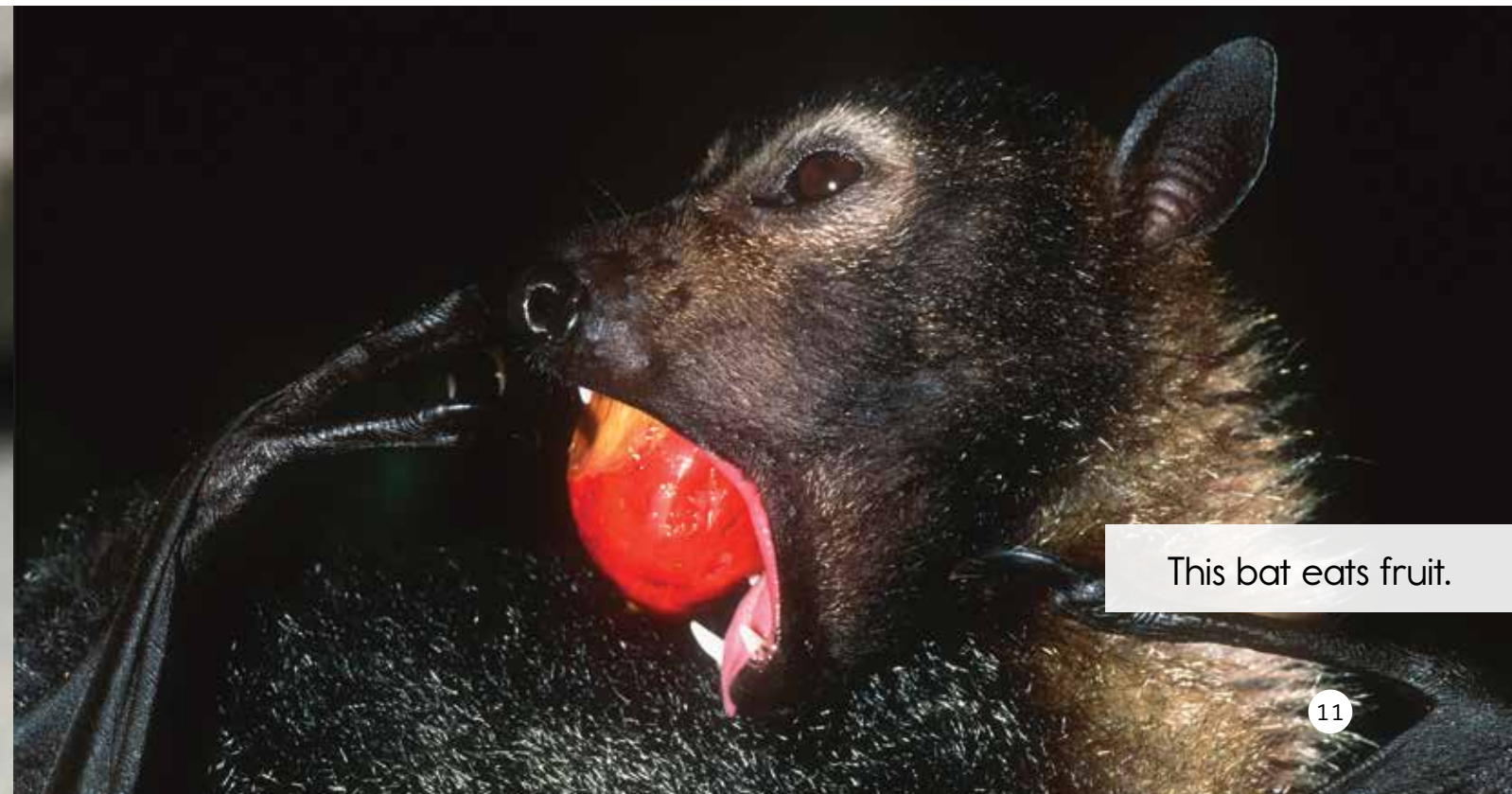
This bat eats fruit.

Some bats eat fruit. They need sharp teeth, too. The teeth can break the skin of the fruit.
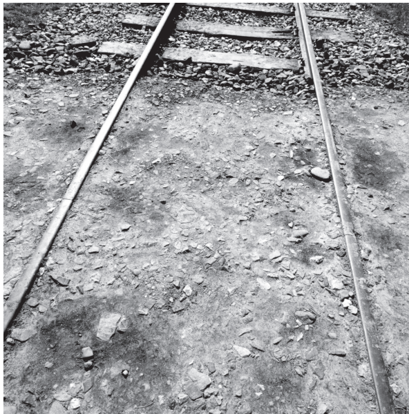
Figure 10. Alan Cohen, "Auschwitz-Birkenau, 1994."

Cohen's On European Ground is part of a project that continually resituates and re-revisions the symptomatic expressions of historical traumas. Its aim is neither to simply reenact nor to transcend traumatic residues. Instead, by reiterating and reframing the signs of traumatic rup-
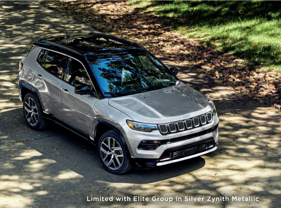
Limited with Elite Group in Silver Zynith Metallic
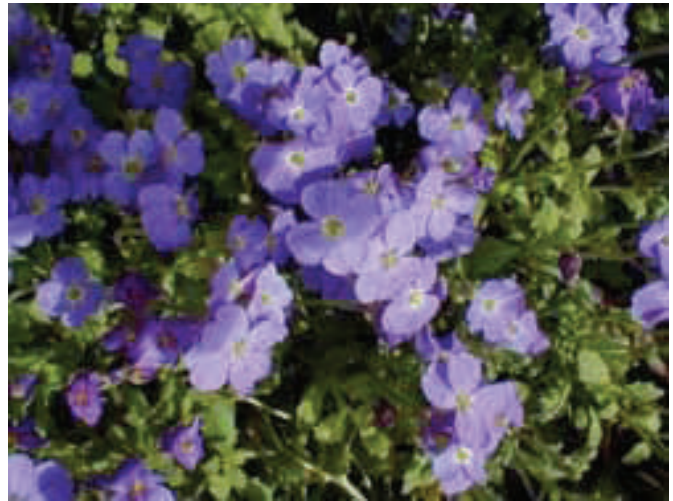
Aubrieta 'Cascade Blue'

15' feature for some of these small plants. I'm going to search for some limestone rocks (indigenous to the Ken-
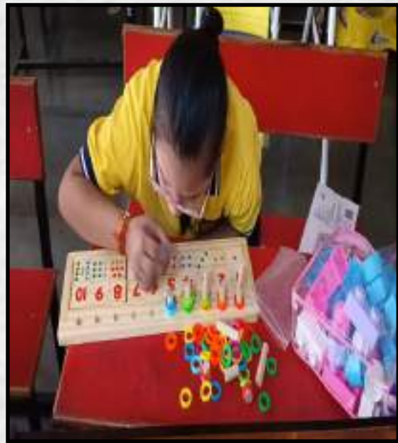
Fine and grasp motor activity
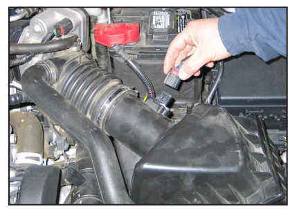
2. Disconnect mass air sensor electrical connection.

NOTE: Disconnecting the negative battery cable erases pre-programmed electronic memories. Write down all memory settings before disconnecting the negative battery cable. Some radios will require an anti-theft code to be entered after the battery is reconnected. The anti-theft code is typically supplied with your owner's manual. In the event your vehicles' anti-theft code cannot be recovered, contact an authorized dealership to obtain your vehicles anti-theft code.
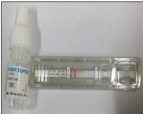
Fig. 3 Malaria Card

When the complex meets the line of the corresponding immobilized antibody, the complex is trapped forming a purplish pink band which confirms a reactive test result. Absence of a coloured band in the test region indicates a negative test result. To serve as a procedural control an additional line of anti-mouse antibody has been immobilized on the strip as control.
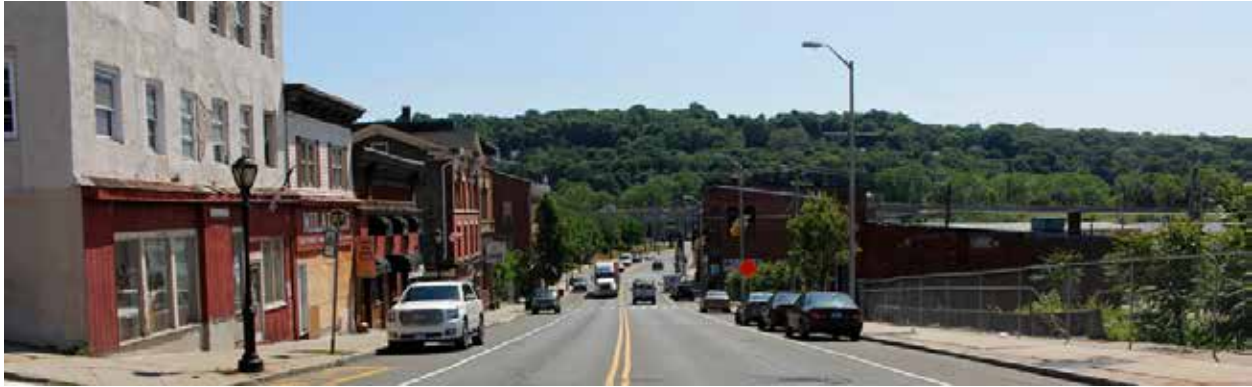
Rt 34 Derby Downtown

Route 34 is a primary artery through much of the lower valley and operates as a key connection between the downtowns of Shelton and Derby. Route 34 also serves as the 'Main Street' for Derby and high traffic volumes, congestion and alignment pose several concerns. The reconstruction and major widening of Route 34 through downtown Derby was initiated several years ago- to combat congestion and improve safety for both motorists and pedestrians along this stretch of road, A critical element of the project is the understanding that, as the City's 'Main Street,' the design needs to remain cognizant of the dual purposes of addressing traffic operations and facilitating and encouraging pedestrian movement and bicycle use. The NVCOG administers the design of the project and serves as the liaison between the City, CTDOT and designer. During the year, the NVCOG met with the City and the state to ensure the project includes elements to support these multi-modal uses, restricts the speeds of traffic and deploys infrastructure appropriate for a downtown main street.
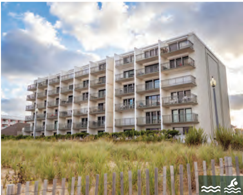
EDGEWATER HOUSE Studio | 1 Bath | Sleeps 2* Ocean-Front · Community Pool · Elevator Rates: Call for Rates
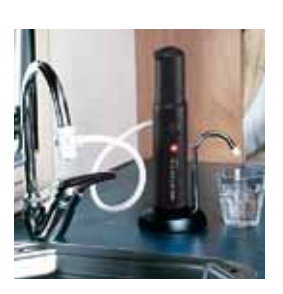
«Plus» add-on kit for connecting to taps at home, in a boat, in a caravan, etc.

For details on spare parts, please contact your Katadyn dealer.
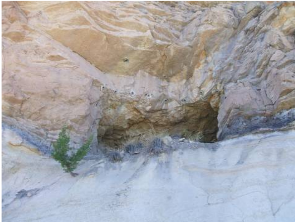
Photo 5. Diamond No 2 mine site, adit / shaft entrance in cliff wall, towards the west
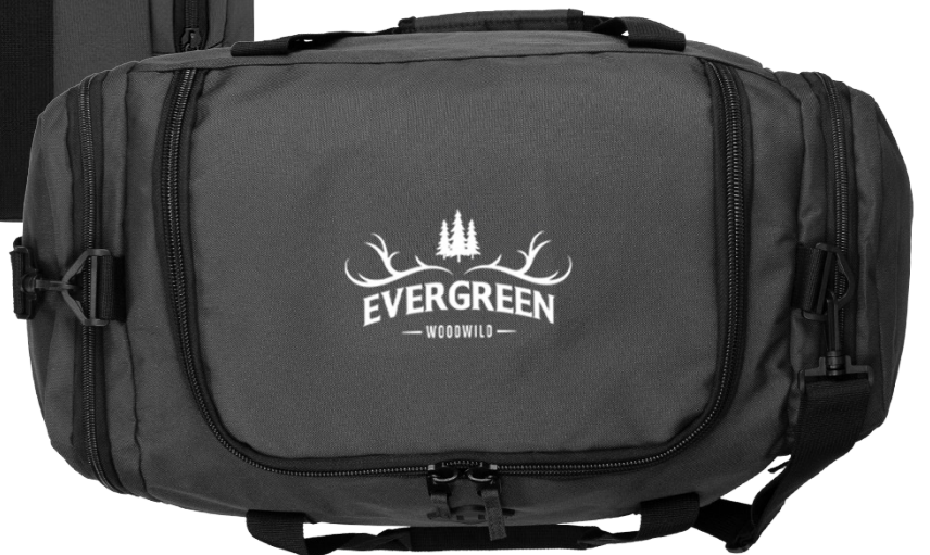
DA1004 | Darani Duffel Bag in Repreve Recycled Material 34L REPREVE RECYCLED 600d POLYESTER
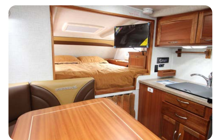
Solid Sapele Hardwood Dinette Table
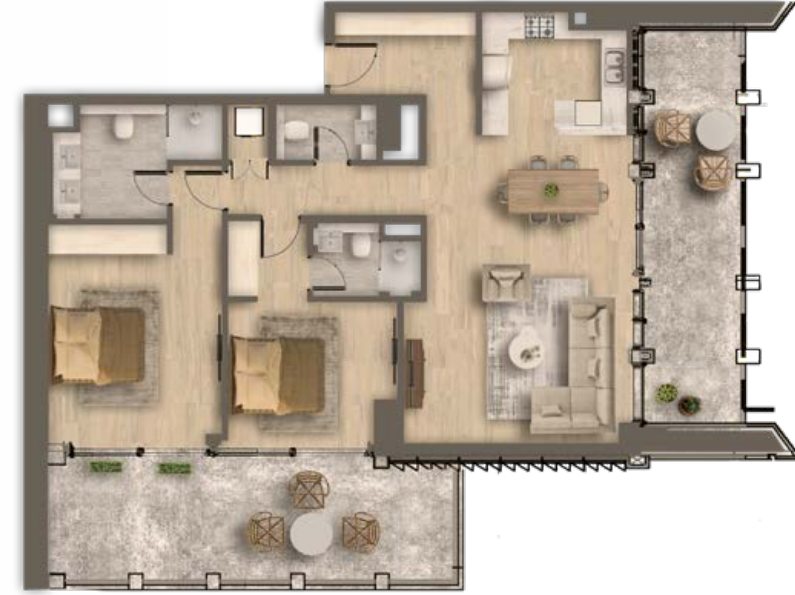
Type D From 1,275 sq.ft to 1,698 sq.ft
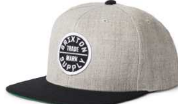
*LIGHT HEATHER GREY/BLACK 10777-LHGBK
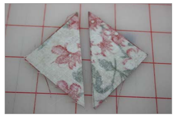
#3 - Cut your square apart ON the line you drew. Then, open and press in the direction of the Red fabric. You will end with TWO (2) half-square triangles that should measure 1 5/8" square.
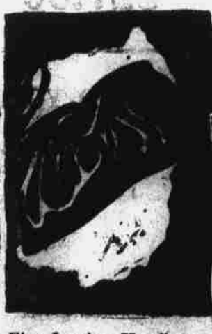
Fine Leather Handbags $4.98

J. C. BLANCHARD & CO., INC. "BLANCHARD'S" SINCE 1832 HERTFORD, N. C.
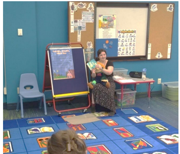
Storytime Collection Renovation Peoria Public Library

Federal regulations require that grant recipients take reasonable steps to ensure meaningful access to the information, programs, and services they provide to people with limited English proficiency. Please consider language assistance services, if appropriate, when designing your project.
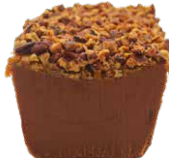
PECAN TURTLE TUR5
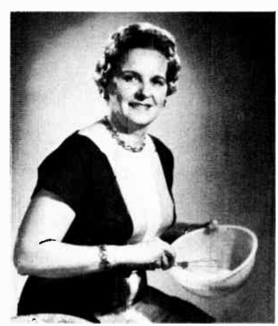
RECIPES FEATURED ON "LADIES FIRST" EACH THURSDAY
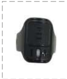
Wireless Ring PTT
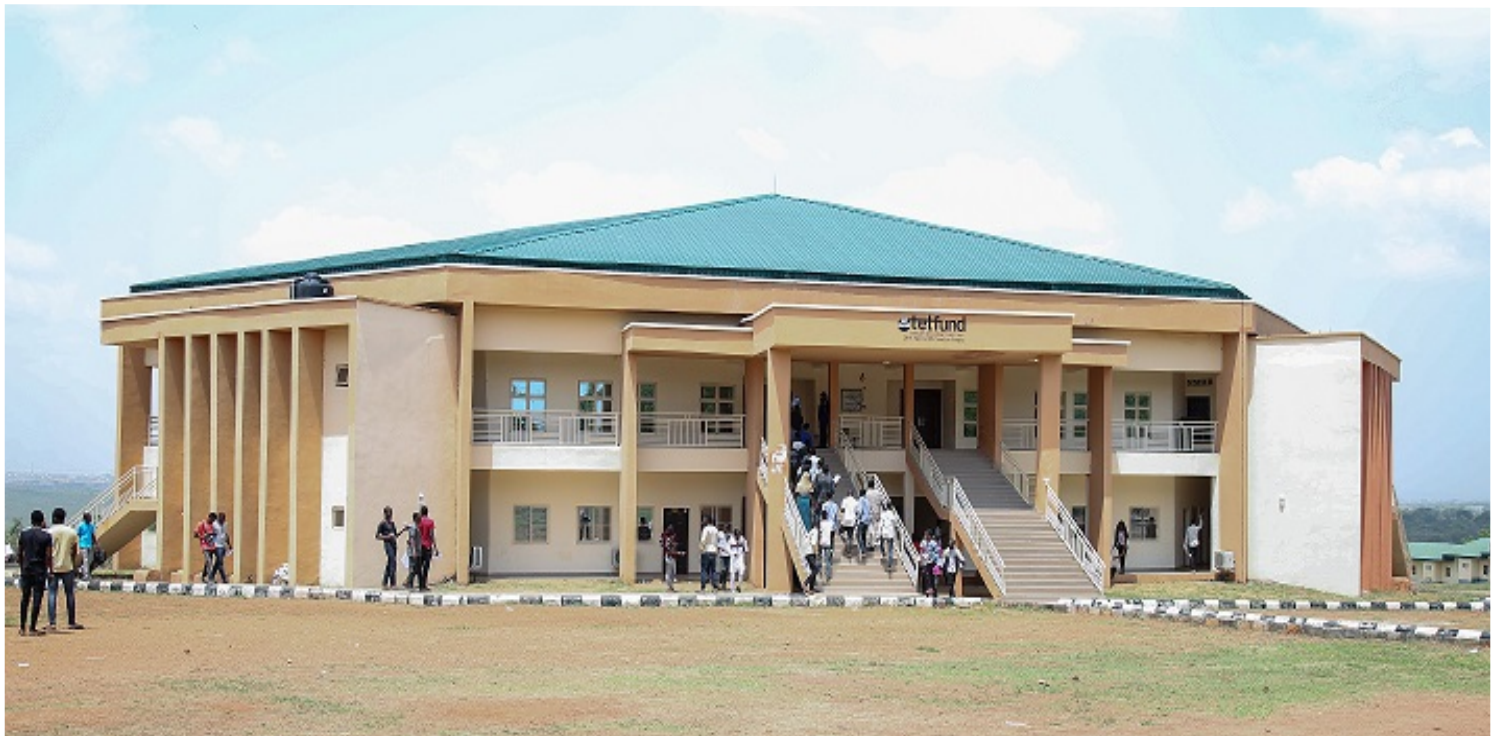
500 Capacity Lecture Theatre, University of Ilorin
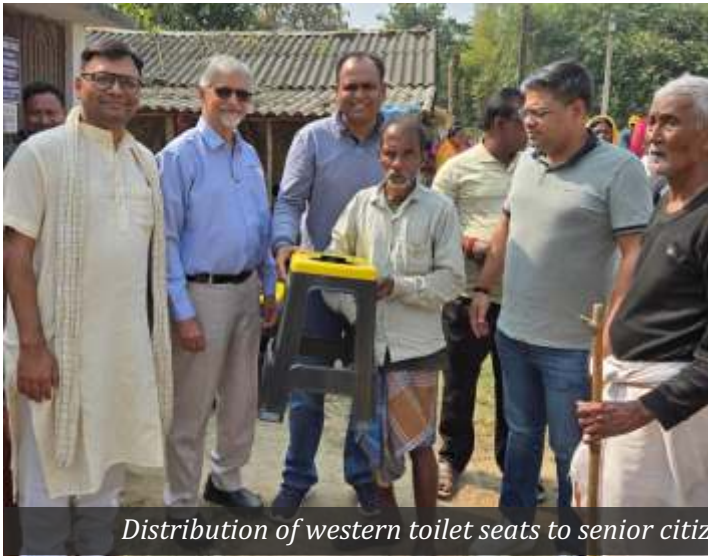
Distribution of western toilet seats to senior citizens with knee problems with explanation on usage
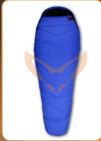
Ice Storm (-26.4) – Nylon Fabrics, 3D Micro Fiber Insulation
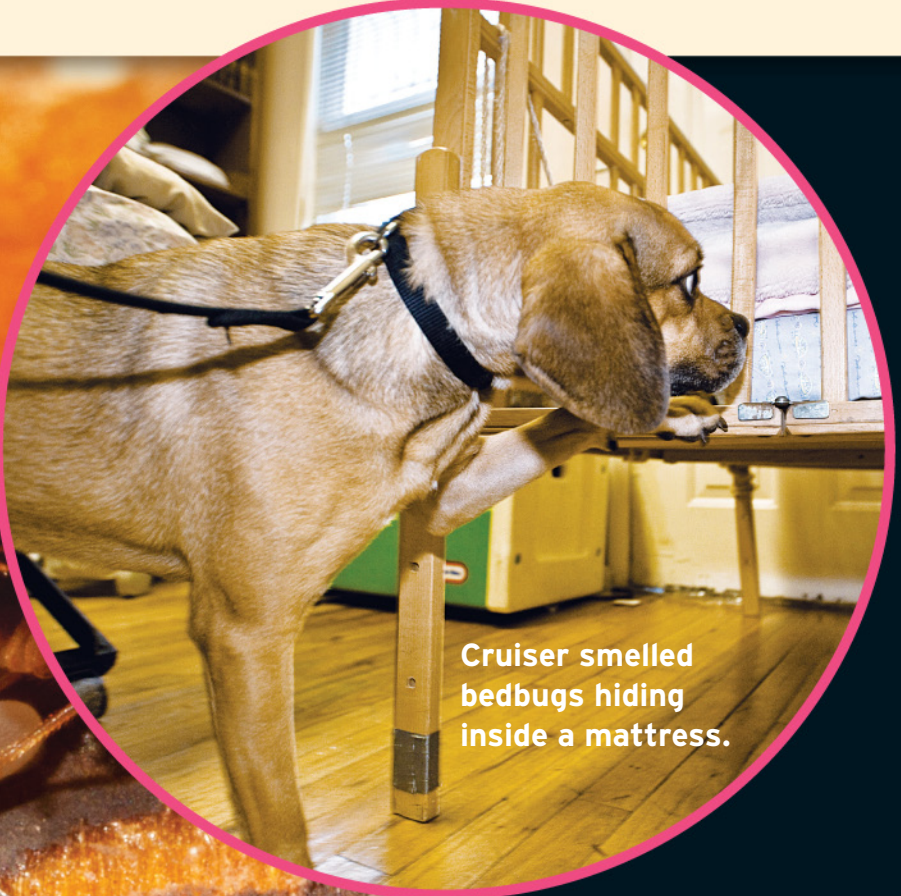
Cruiser smelled bedbugs hiding inside a mattress.

Cruiser sniffed a wooden crib in one of the children's rooms. He pawed at the mattress. It was his way of saying, "I smell bedbugs here." The mother was upset but also grateful. Thanks to Cruiser, the insects could now be exterminated . They would not be moving with the family into their new home.
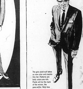
Let a winner lead the way... in vibrant green plaids by Varsity-Town

"Big"—classic split shoulder ballroom, man tailored but very conscious of the feminine gender for the girls only... Size Reg. 10-18 Wyrick's Fashions And Marie Norman Cosmetic Studio Phone 289-2512 "Home of Better Clothes and Samsoneo Luggage"
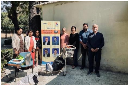
295. 29-02-2024 Donation of Note Books, Raddi & E Waste to Book Shop for a Cause' at Lajpat Bhawan, Lajpat Nagar, New Delhi.

### The problem
Lines from the start of the material through the line containing "2. Disconnect mass" are to be restated word for word; no picture may be included.

### Answer box
This bat eats fruit.

Some bats eat fruit. They need sharp teeth, too. The teeth can break the skin of the fruit.
Figure 10. Alan Cohen, "Auschwitz-Birkenau, 1994."

Cohen's On European Ground is part of a project that continually resituates and re-revisions the symptomatic expressions of historical traumas. Its aim is neither to simply reenact nor to transcend traumatic residues. Instead, by reiterating and reframing the signs of traumatic rup-
Limited with Elite Group in Silver Zynith Metallic
Aubrieta 'Cascade Blue'

15' feature for some of these small plants. I'm going to search for some limestone rocks (indigenous to the Ken-
Fine and grasp motor activity
2. Disconnect mass air sensor electrical connection.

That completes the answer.